DESCRIPTION OF THE TASK ▸ Reproduce each line, exactly, from the one containing "31.01.2018 | |" through the end of the material. Exclude pictures.

EXERCISE DATA ▸
------------------------------------------------

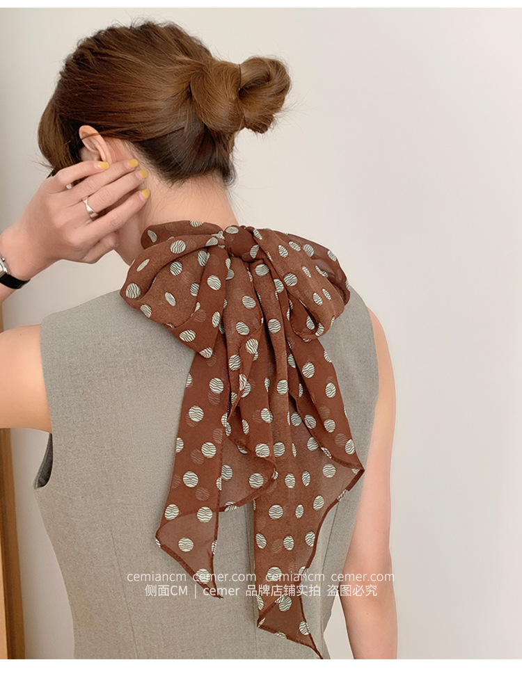 하이 버전 프랑스 다크 브라운 긴 설문 조사 점 스카프 여성의 봄과 여름 모든 경기 목 얇은 우아한 액세서리 실크 스카프 리본
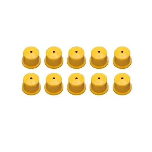 Enhance your RC agricultural pesticide spray drone with this set of 10 high-pressure round sprayer nozzles, featuring an 80-degree spray angle. Crafted from durable composite material, these nozzles are color-coded in vibrant yellow, brown, orange, green, blue, and red for easy identification. Compatible with RC airplanes and other vehicles, they are designed for precise and efficient pesticide application. Non-electric and requiring no batteries or power supplies, these CE-certified nozzles are suitable for users aged 14 and above. Their compact, cone-shaped design offers a practical and visually striking solution for professional and hobbyist agricultural spraying needs.
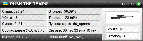 | de_aztec | 3 | 0.60 | 0.56 | 1 | 5 | 00:05:22 | 31.01.2018 | |
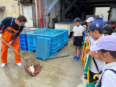 朝から子どもたちに囲まれる「ごしょっこ水族館」。今日も「わあ、きれいになってる!」と声をあげながら、1・2年生の子どもたちが水槽をのぞき込んでいました。昨日の放課後、保護者の方が掃除と海水の入れ替えをしてくださったおかげです。水槽の中では、鯛の稚魚がすくすくと成長しています。

------------------------------------------------

ANSWER SPACE ▸
 | de_aztec | 3 | 0.60 | 0.56 | 1 | 5 | 00:05:22 | 31.01.2018 | |
 朝から子どもたちに囲まれる「ごしょっこ水族館」。今日も「わあ、きれいになってる!」と声をあげながら、1・2年生の子どもたちが水槽をのぞき込んでいました。昨日の放課後、保護者の方が掃除と海水の入れ替えをしてくださったおかげです。水槽の中では、鯛の稚魚がすくすくと成長しています。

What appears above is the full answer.